La sveglia iniziò a suonare, come ogni mattina, alle 7.00 in punto, portando Bulma a dischiudere gli occhi e ad allungare il braccio verso il comodino per disattivarla. Vegeta era solito alzarsi all’alba per cominciare i suoi estenuanti allenamenti ed il fatto che stesse ancora dormendo, era la netta dimostrazione di che orribile notte avesse passato. Poi, però, si soffermò a guardarlo e non riuscì a non rimanerne incantata. Se ne stava prono con le braccia sotto al cuscino ed il viso rivolto verso di lei, con un’espressione così rilassata da far credere che fosse definitivamente guarito. Decise di lasciarlo in pace ed iniziò a prepararsi: doveva andare a quella dannata riunione di lavoro, ma prima avrebbe accompagnato Trunks a scuola perché, anche se suo figlio era un bambino fuori dal comune, che poteva benissimo volare e raggiungere i compagni in un batter d’occhio, Bulma preferiva andare con lui ed evitare questioni inutili con i maestri, che si sarebbero fatti sicuramente delle domande nel vederlo arrivare ogni giorno senza un adulto al suo fianco.
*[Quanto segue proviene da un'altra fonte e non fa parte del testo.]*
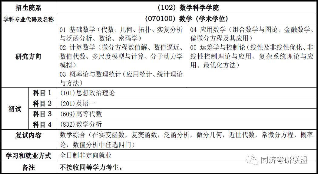 2019年同济大学数学科学学院考研招生专业、考试科目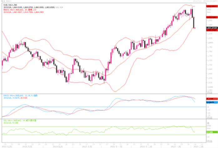 金价在上周跌破自去年11月以来的关键支撑线(在1878美元/盎司附近),至少目前来看,看涨倾向有所回落。从黄金日线图来看,相对强弱指数(RSI)跌破50,目前位于40;加之MACD指标传递看跌信号,这些因素都支持金价看空预期。去年12月多个高点组成的区域(在1825-23美元/盎司附近),可能成为黄金买家的最后防线。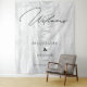 Bienvenido a sus huéspedes con este elegante diseño de bodas de invierno con un fondo rústico de madera y una tipografía de escritura clásica. Personalice con sus nombres, fecha de boda y ubicación para crear un recuerdo memorable que establezca el tono de su día especial. Moderno y clásico Gris/Gris claro, Monogramas de textura Rústica y Negra, Decoración de Bodas de Invierno Gran Fiesta de Bienvenida / Tapiz de Fotos / Tapiz Diseñado / arte original de fat*fa*tin. —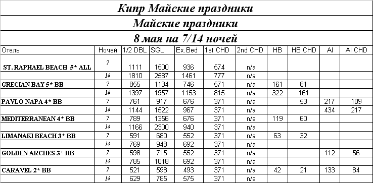 08 Апр 2011 12:25:06 КИПР. Майские праздники 8 мая на 7/14 ночей от фирмы БАГИРА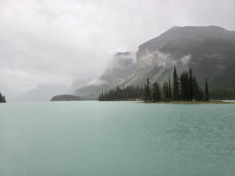 Today was very wet and cloudy for our cruise on Lake Maligne yet we could still appreciate its beauty among the mist and rain.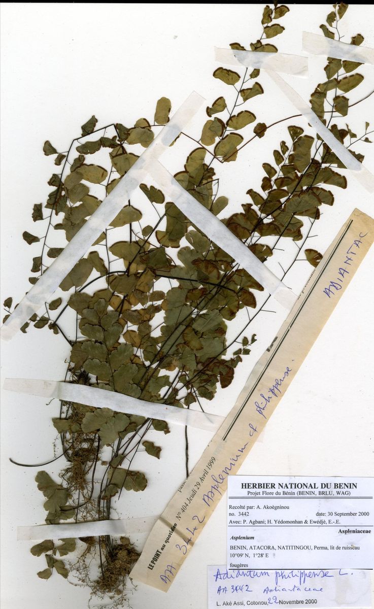 Herbier National du Bénin - Echantillons - Taxonomie - Adiantaceae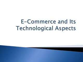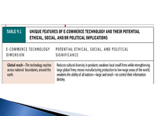 The document explains the concept of commerce and electronic commerce (e-commerce), emphasizing its role in the exchange of goods and services through digital platforms. It highlights the benefits of e-commerce for businesses and consumers, such as improved efficiency, market access, and customer convenience, while also addressing challenges like security, infrastructure, and legal issues. Furthermore, it discusses various dimensions of e-commerce technology, such as ubiquity, global reach, and personalization, which enhance the overall business landscape.

Così, dopo aver fatto colazione e dopo essersi data una sistemata, era salita in macchina insieme a Trunks, lasciando Vegeta da solo a riposare…

Era in ginocchio dinanzi a Freezer, con il sangue che ribolliva nelle vene. Quel mostro non era mai soddisfatto delle missioni svolte dalla sua squadra e continuava a prendersi gioco di lui.
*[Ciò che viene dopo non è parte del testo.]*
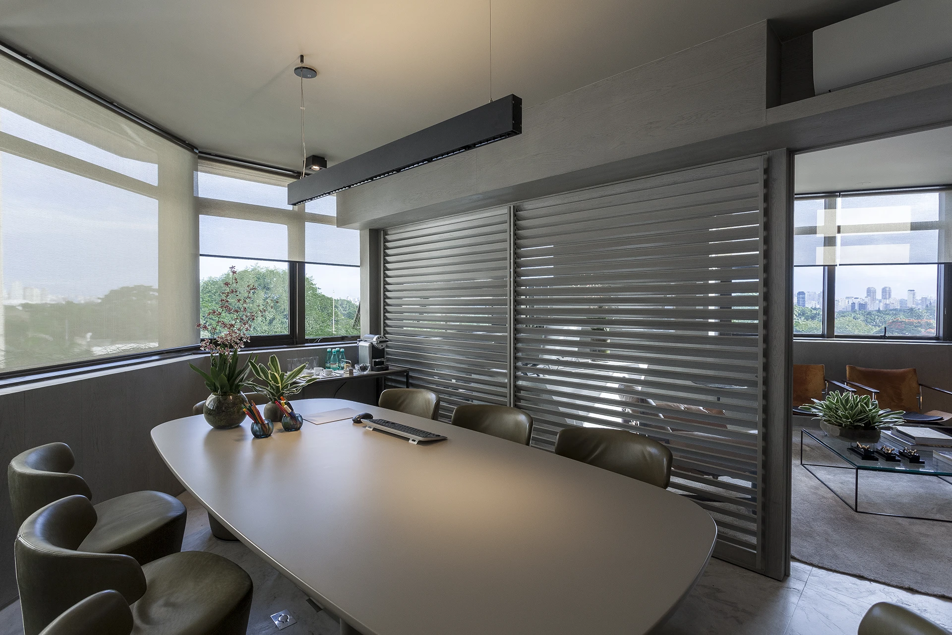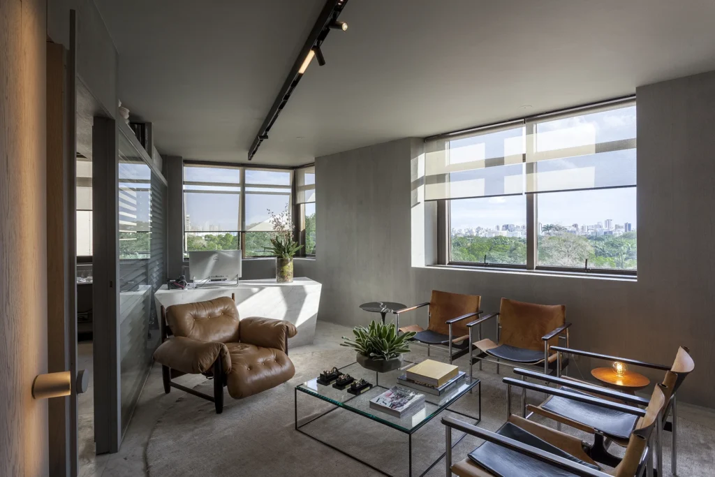 Na sala de reuniões, o mobiliário assinado pela B&B Italia — mesa e cadeiras comercializadas pela Casual Móveis — estabelece um ambiente sofisticado e funcional, complementado pelo carrinho de apoio desenhado e produzido pela Demuner, reforçando o caráter autoral e customizado do projeto.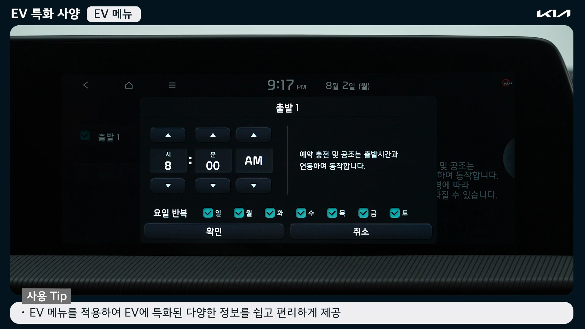 EV메뉴 하단에 '다음 출발 시간'을 설정한다.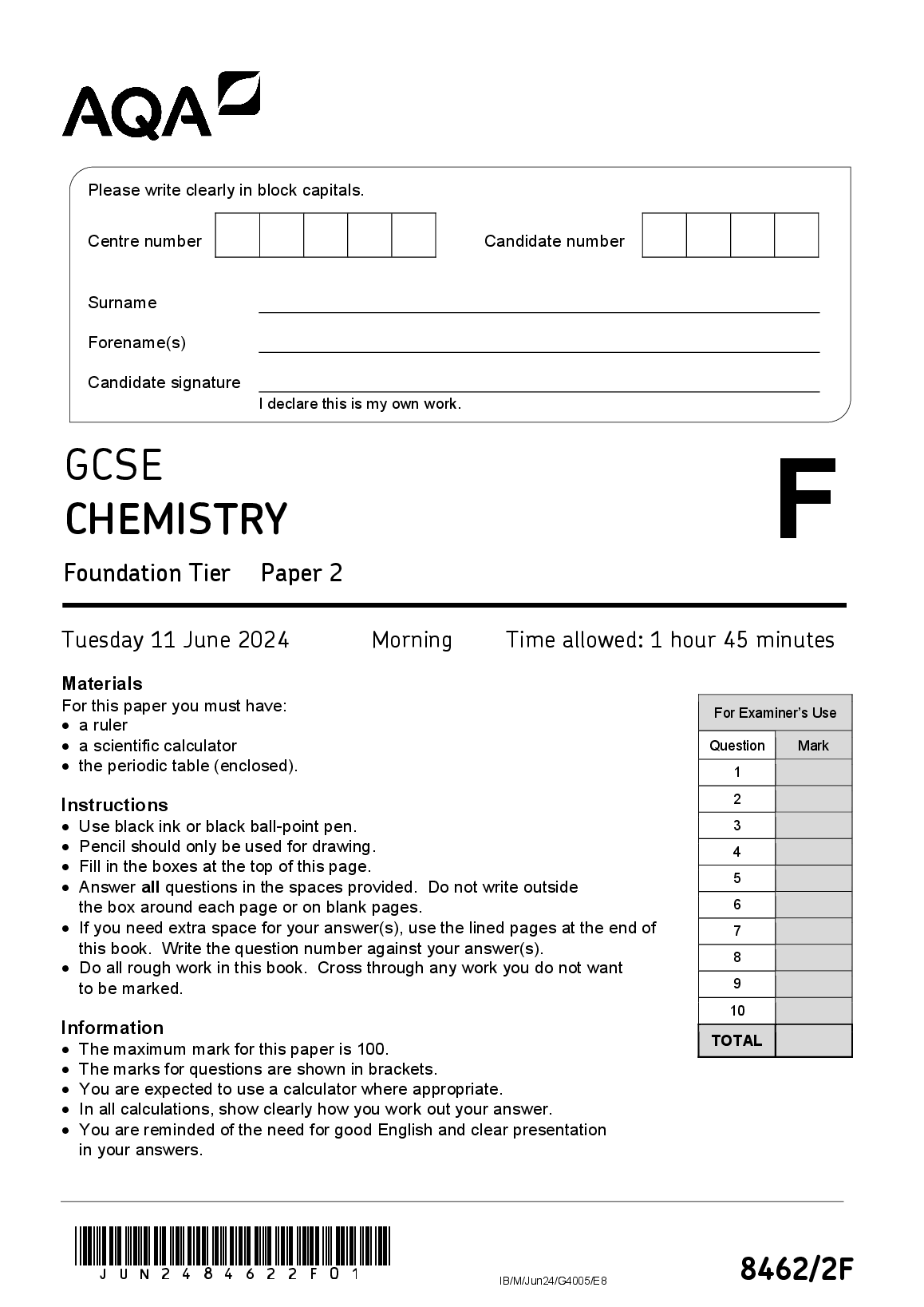 2024 aqa gcse chemistry paper 2 qp(8462/2f: foundation tier)

“Inutile scimmione!” quel tono sprezzante e deluso preannunciava solo una cosa: torture. Lo spietato tiranno si era voltato verso il guerriero dalla lunga treccia, che sostava in piedi alla sua destra.
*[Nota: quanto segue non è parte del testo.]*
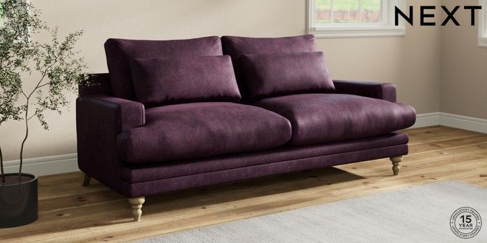 7.0.3 Buy Hutton Deep Relaxed Sit 3 Seater Sofa Plush Chenille Dark Plum Purple Country Turned - Light from the Next UK online shop Click here to use our accessible website

“Zarbon! Quanto ci avreste messo tu e Dodoria ad impossessarvi di quel misero corpo celeste?”
“Credo, mio signore, che tre giorni sarebbero bastati a compiere una missione tanto banale”. Impossibile. Nessuno, eccetto Freezer, poteva farcela in così poco tempo. Nessuno sarebbe riuscito a conquistare quel pianeta, abitato da uomini addestrati al combattimento, in meno di una settimana. Ghignava, il prediletto del mostro. Si credeva superiore al principe della stirpe saiyan. Ma era buono solo a leccare il culo al suo padrone, ad abbassare la testa in segno di sottomissione, ogni volta che la lucertola apriva bocca. Ma lui, l’erede della grande dinastia Vegeta, non era così. Lui non abbassava mai la testa. Lui guardava in faccia il padrone dell’universo nonostante la posizione alla quale era costretto. Perché lui era diverso. E la diversità lo condusse alla rovina.
“Non è possibile!” nell’udire quel tono imperioso, Freezer lo fulminò con i suoi occhi rossi.
“Cosa hai detto?!” la verità. Aveva semplicemente detto la verità. Si era alzato in piedi, avanzando verso Zarbon. Errore.
“Nessuno ne sarebbe capace. Nemmeno tu con il tuo amichetto mostruoso, frocio del cazzo!” sputò quelle parole in faccia al guerriero dalla chioma verde. Madornale errore. Rideva, infatti, Zarbon mentre la coda di Freezer prese a stringere il suo collo, mozzandogli il fiato.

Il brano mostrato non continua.